In effetti un escamotage c’è stato, perché tramite
dell’acquisto è stata la madre della signora Miriam Bartolini in
arte Veronica Lario,
che due anni fa aveva ottenuto un breve permesso di soggiorno nel
borgo di 671 abitanti.
A dare l’allarme sono stati i
muratori addetti ai lavori di ristrutturazione della casa
che hanno già portato
a termine un garage privato da dieci posti con ascensore, otto stanze da
bagno e diverse camere da letto.
Una parte degli abitanti della cittadella teme di vederla occupata
da “milionari presenti solo qualche settimana all’anno”, e c’è addirittura
chi paventa che il premier italiano uscente diventi “il futuro amministratore”

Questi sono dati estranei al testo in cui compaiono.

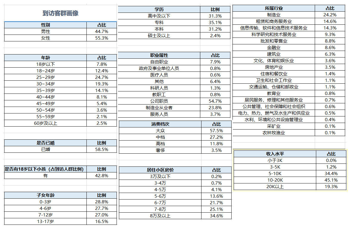 到场消费客群以女性居多,年龄集中在18到44岁之间,已婚占比是58.5%,相对于区域调研平均70%的占有率,这个数值不算很高,其中42.8%家庭有18岁以下小孩,其中12岁以下子女占绝大多数。本科以下学历占比较高,公司职员和制造业从业者占绝大多数,消费档次大众档次占比较大,所以商场选品应考虑这部分人群,以收入水平10k-20k的客群为主,5-10k的客群为辅。
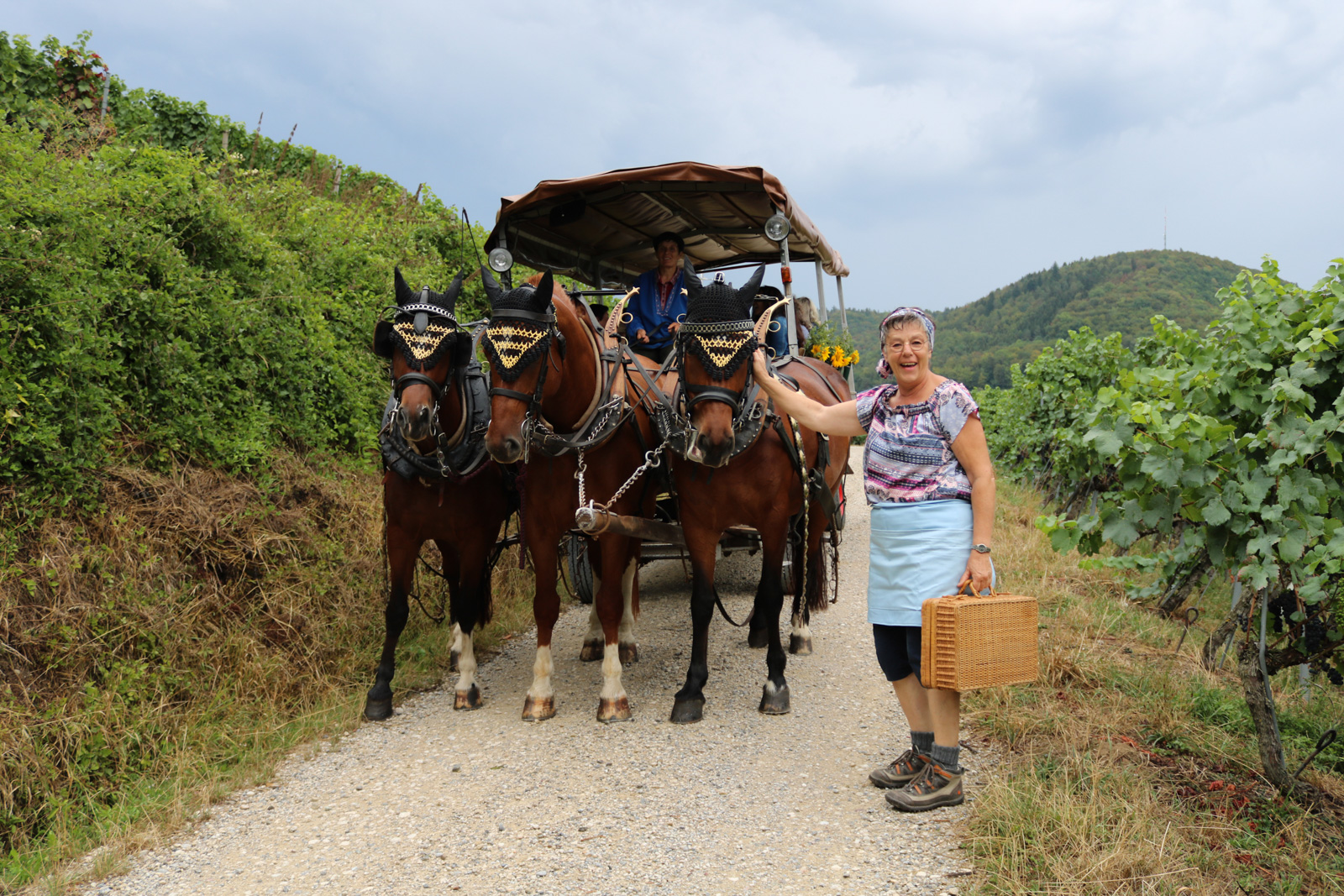 Gemütlicher und kurzweiliger kann man nicht durch die Reben fahren. Auf ihrem Pferdewagen erzählt Räbfraueli Elsie Zimmermann über sich und ihr Leben und was sonst noch niemand weiss. Ein unvergessliches Erlebnis!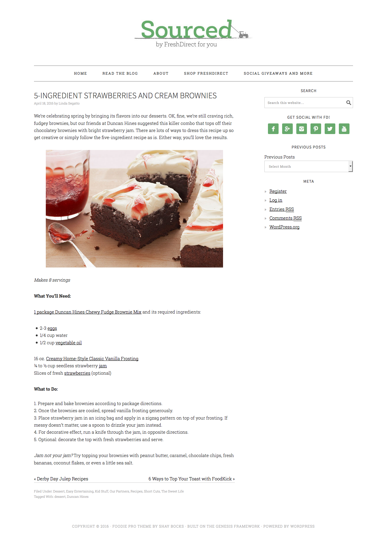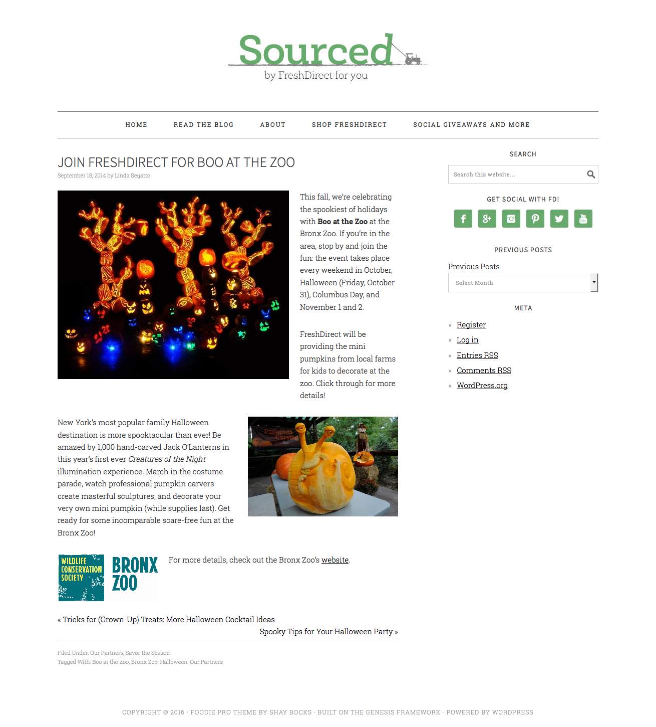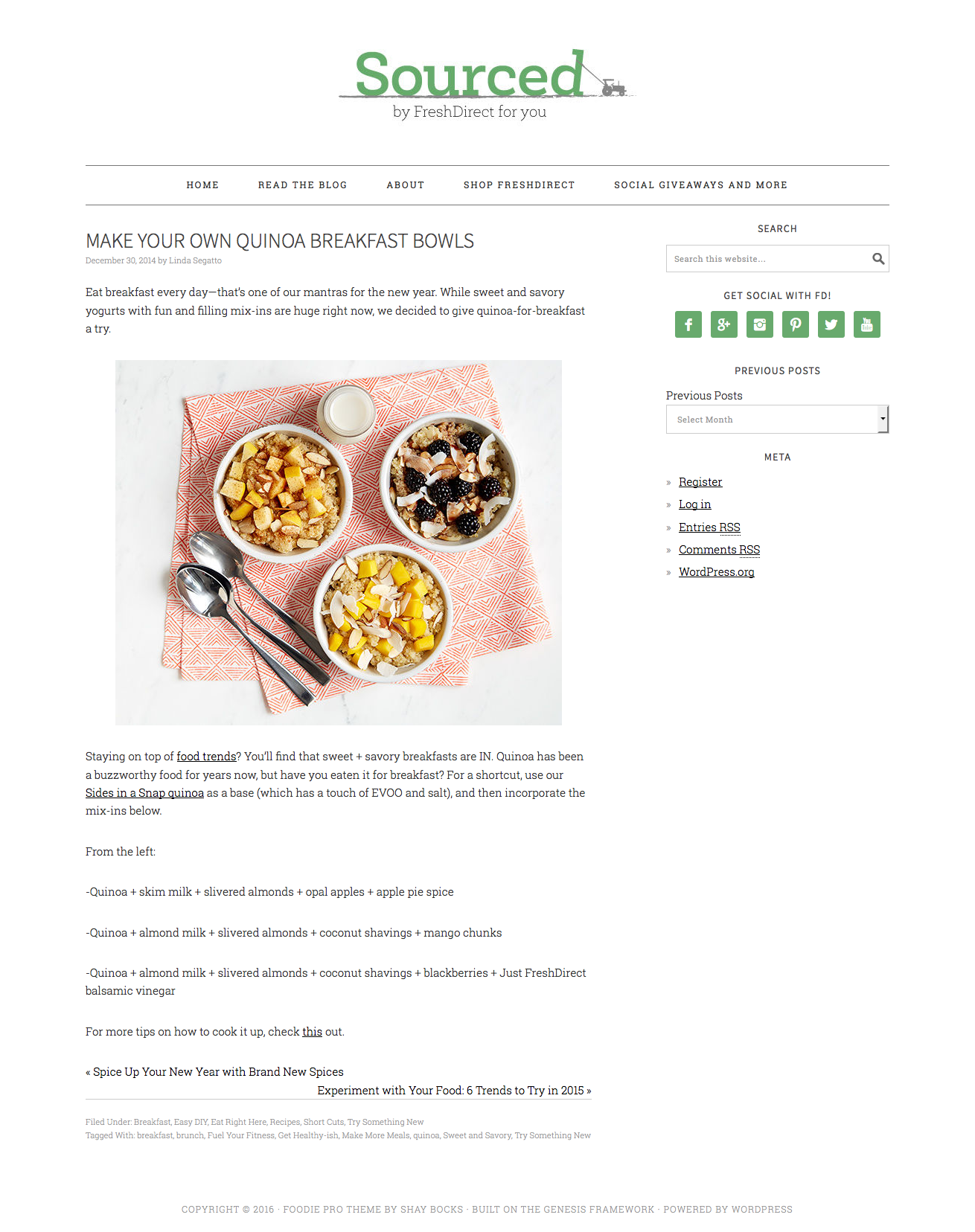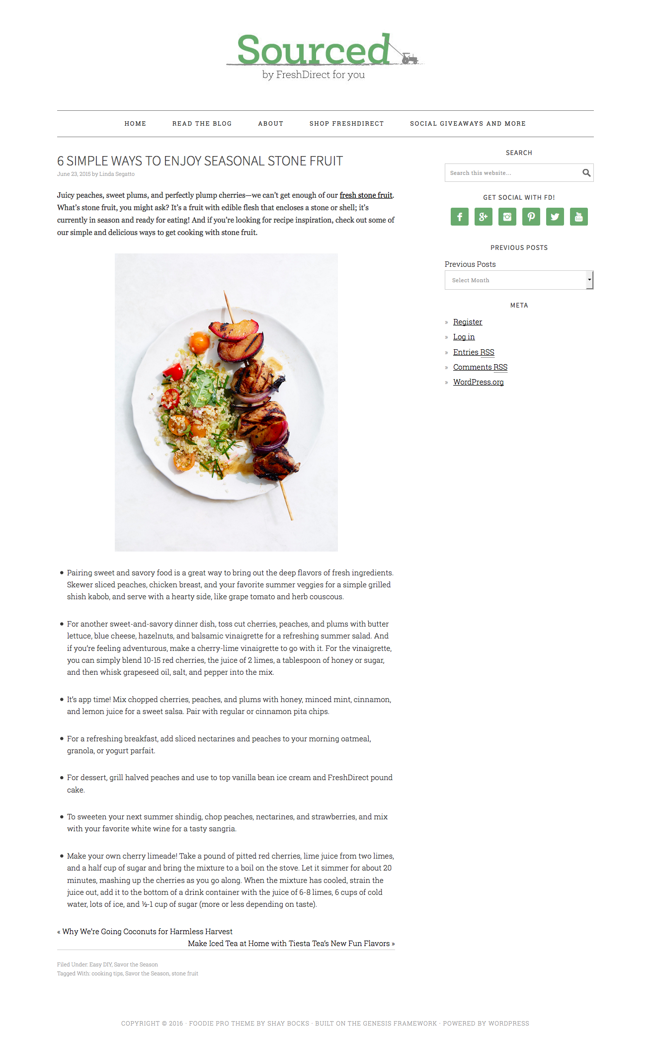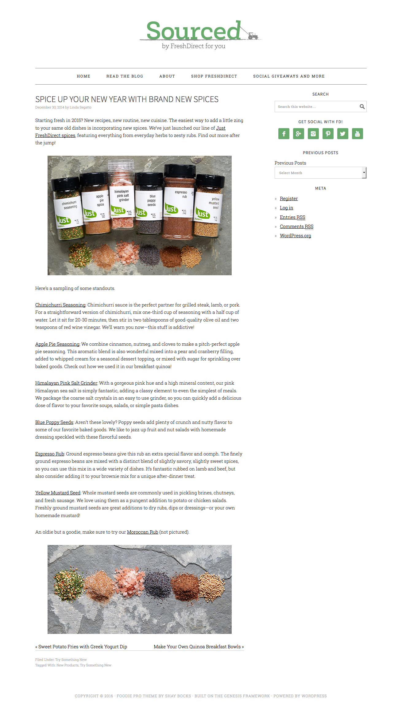 I named, helped design, and managed the blog and its integration and success in FreshDirect marketing by developing a content calendar with our photographers, social media manager, copywriter, and interns to coincide with promotions and tent poles. My authored blog content covered everything from highlighted promotions and integrated partnership content to tips, inspiration, and producer stories. (It’s still named Sourced 10 years later btw.)

locale, ovvero di un villaggio di “vecchie fattorie e case borghesi”.
Il sindaco Duri Campell ha già commentato che se l’abitazione
fosse stata venduta a delle famiglie indigene “vedremmo l’ufficio di protezione
del patrimonio opporsi alla divisione in quattro appartamenti”.
Al momento pare che i lavori di ristrutturazione stiano continuando
senza alcuna interruzione.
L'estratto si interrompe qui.